When I walked outside it was still early – the sky had a silver quality to it and the air smelled like the night.

I turned into the street and started walking. I didn’t know where I was going, just that I needed to get out and breathe. I walked through the city. The streets were still asleep with barely any cars out. The buildings were tall, reaching in the sky like sentries all around me. I followed the street to the side of the hotel and reached white steps that led down to a walkway next to the river. There were no tourists, only a lonely jogger, his feet beating out a tattoo on the bricks as he passed. I walked to the white railing at the edge of the water. The water was clear and smooth as a mirror.

The dream was still with me. I couldn’t get rid of it – it was like slivers of the past still clung to me and I couldn’t shake them off.

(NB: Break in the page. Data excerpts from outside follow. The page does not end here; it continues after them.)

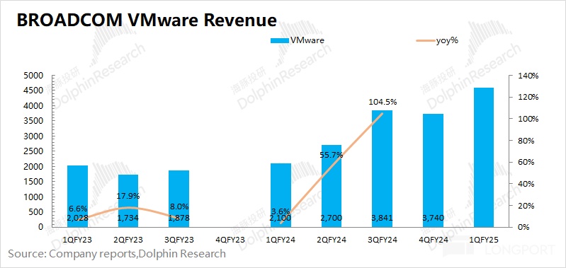 博通 BROADCOM (AVGO.O) 在 2025 財年第一季度的基礎設施軟件實現營收 67 億美元,同比增長 46.7%。在上一財年中,公司軟件業務的快速提升,主要得益於 VMware 的並表。而從本季度開始,軟件業務的增長,主要來自於 VMware 的内部整合提升。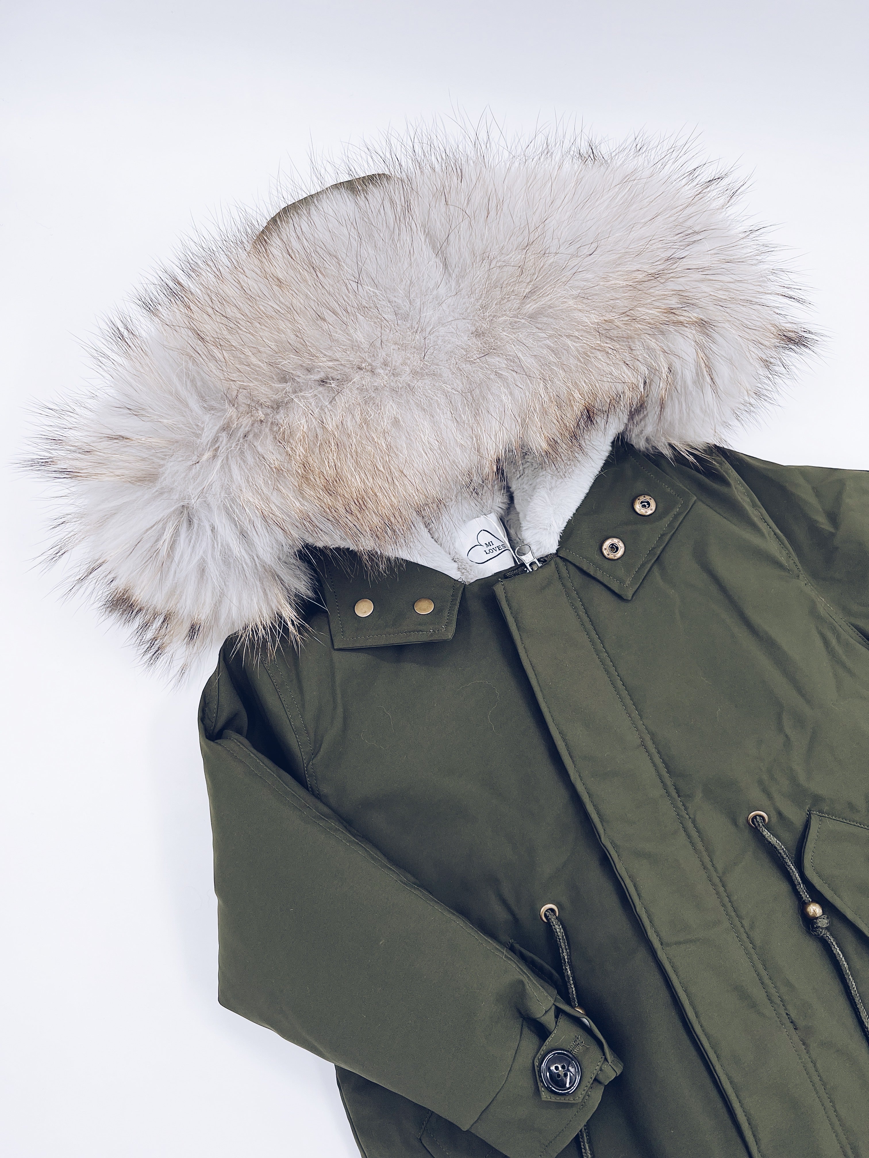 MI LOVES SIGNATURE Khaki Green parka jacket with Luxurious Grey Racoon Fur trim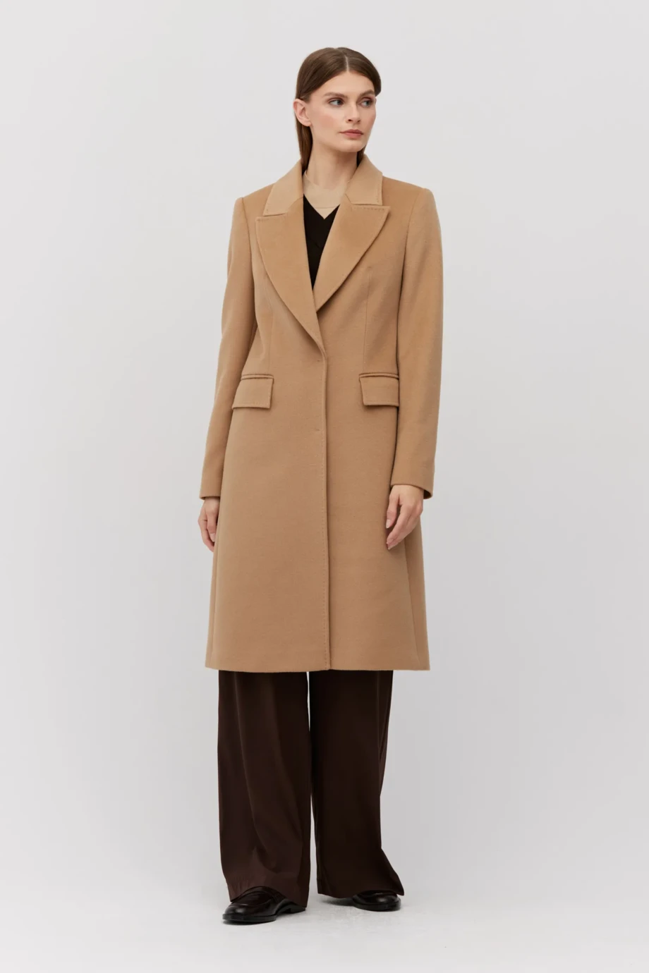 Mantel im Diplomatenstil in Kamelfarbe, gefüttert, figurbetont geschnitten. Einreihig, Midi-Länge, mit großem Kragen, Taschen und eingesetzten Ärmeln. Innenseite mit Zierpaspelierung.

I wanted to phone Hanna. She was an hour ahead of me so she would be up already. What would I say to her, though? I hadn’t told her about James. I hadn’t wanted to share that part of my life with her or anyone else. Going back hurt too much and telling her wouldn’t have gotten me anything other than a lot of questions.

I wish I had told her, now. I wanted to talk to her, to have her give me advice, maybe suggest what I could do. I didn’t want to leave Tampa. Not yet. It was great seeing Caleb again and there was something about him that intrigued me. I didn’t want to see James again even though my whole being ached for him now the way it used to.

I couldn’t do with that kind of heartbreak, not now.

But the job… it drew me the most. Something was going on and this was the kind of thing that really made me tick. I enjoyed a challenge and this would be the biggest one of my career so far. Getting to the bottom of it would be complete satisfaction.

I pulled my phone out of my pocket and stared at the screen for a long time. Finally, I found Caleb’s number in my recent call log and waited for his phone to ring.

“You’re up early,” he said.

“I prefer an early start. I was hoping we could meet this morning and talk about Quad Corp again. I want to see what it is you’re expecting of me before I make up my mind.”

That, and perhaps see James again. Just one more time. Just to be reminded what a bad idea it was to see him again at all.